The 1960 United States presidential election in New York took place on November 8, 1960. All 50 states were part of the 1960 United States presidential election. Voters chose 45 electors to the Electoral College, which selected the president and vice president.

New York was won by Democratic Senator John F. Kennedy of Massachusetts, who was running against incumbent Republican Vice President Richard Nixon. Kennedy was running with Texas Senator, and his strongest opponent in the 1960 Democratic Party presidential primaries, Lyndon B. Johnson for vice president, and Nixon ran with internationally popular former United States Ambassador to the United Nations Henry Cabot Lodge Jr.

Kennedy won New York with 52.53% of the vote to Nixon's 47.27%, a victory margin of 5.26%. New York weighed in for this election as 5% more Democratic than the national average.

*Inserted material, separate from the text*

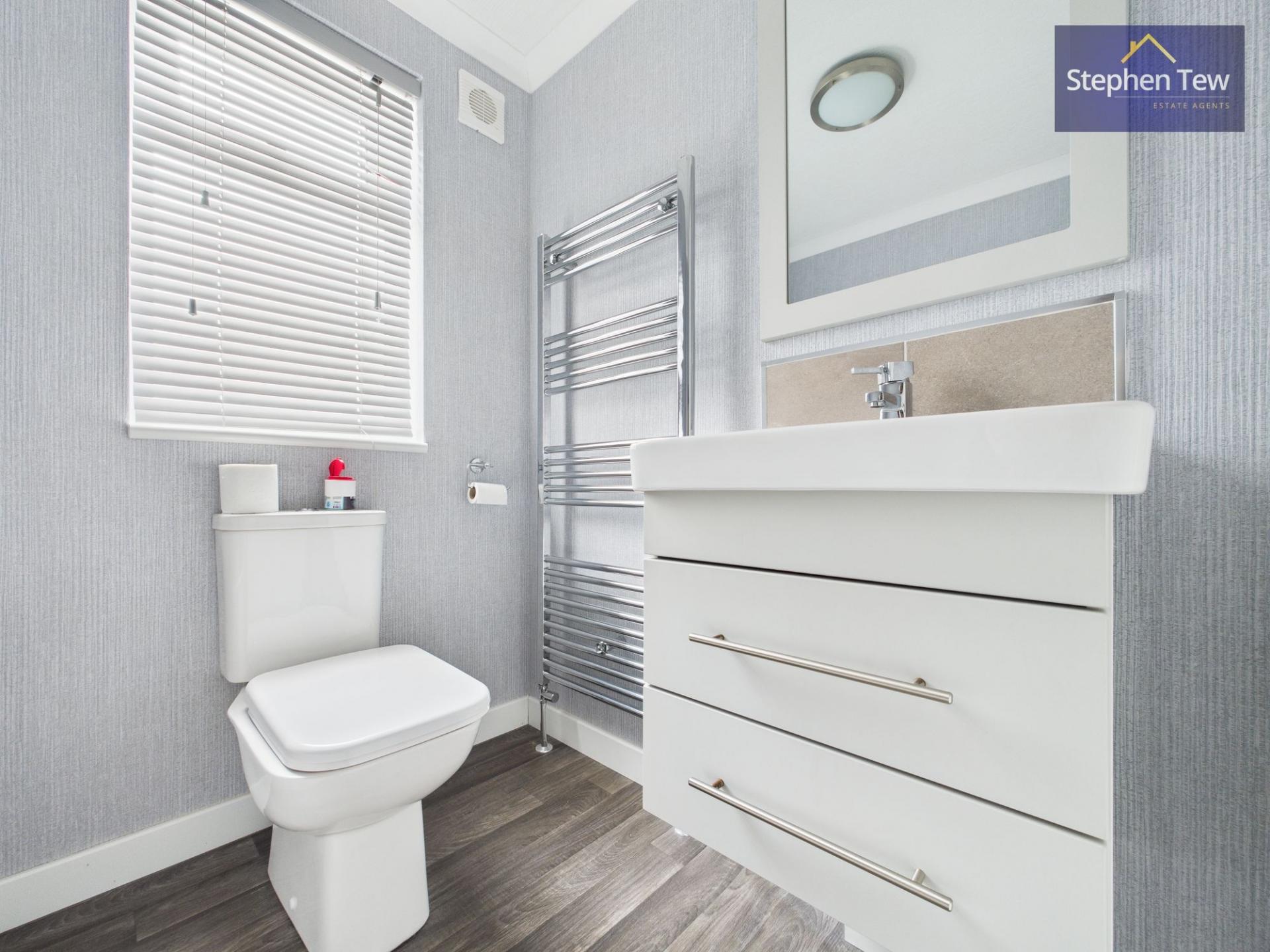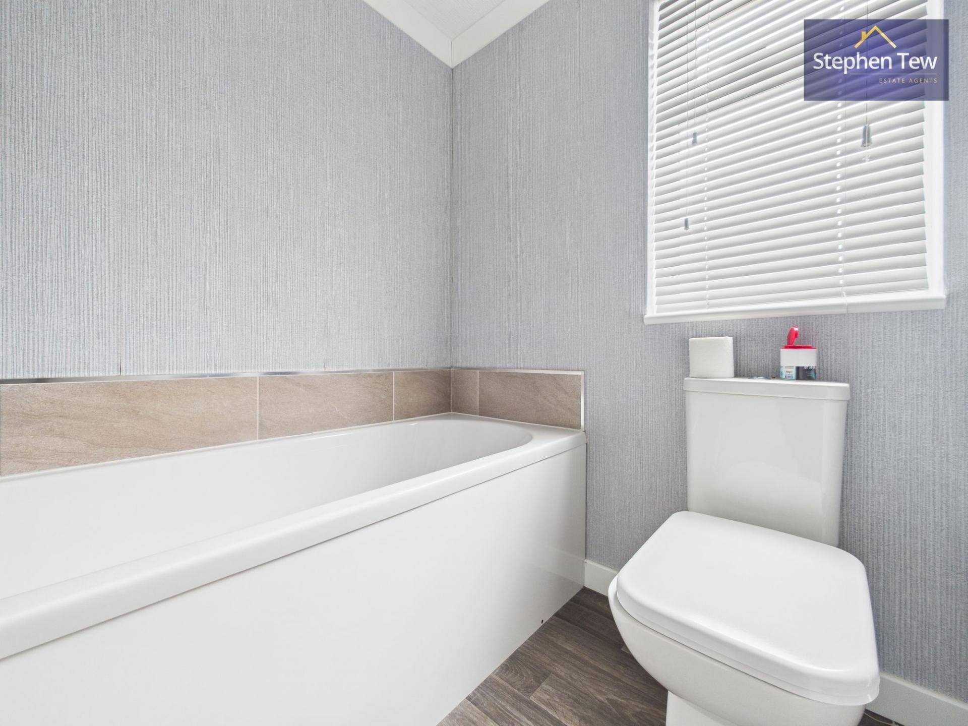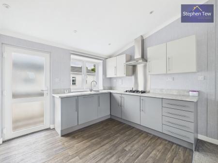 This beautifully presented detached park home offers a blend of contemporary style and practical living across two spacious bedrooms, two modern bathrooms, and two inviting reception rooms. The property boasts a striking modern exterior with a sleek finish, brick detailing, and low-maintenance landscaping, complemented by a generous paved driveway providing ample off-road parking. The open plan living area creates a light and airy atmosphere, enhanced by plush carpeting, built-in shelving, and a modern electric fireplace for a cosy yet sophisticated feel. French doors seamlessly connect the main living space to the outdoors, inviting natural light and enabling effortless indoor-outdoor living.

The presidential election of 1960 was a very partisan election for New York, with 99.8% of the electorate voting for either the Democratic or the Republican Parties. In typical form for the time, the highly populated centers of New York City, Buffalo, and Albany, voted primarily Democratic, while the suburban areas such as Nassau and Westchester and the rural counties in New York turned out for Nixon as the Republican candidate.

Kennedy won the election in New York by a solid 5-point margin, representing a dramatic shift toward the Democratic Party in the state: just four years earlier, Dwight Eisenhower had carried New York State for the Republicans with over 60% of the vote. The results of this election in New York are typical of the nationwide trend of the urbanization of the Democratic Party, and Kennedy's dominance in heavily populated New York City was a vital component to his victory in the state. Kennedy took 62.62% of the overall vote in New York City, to Nixon's 37.04%, and carried four out of five boroughs. Kennedy's victory in Queens, in the midst of a virtual tie nationwide, marked a dramatic turning point for the heavily populated borough's political leanings.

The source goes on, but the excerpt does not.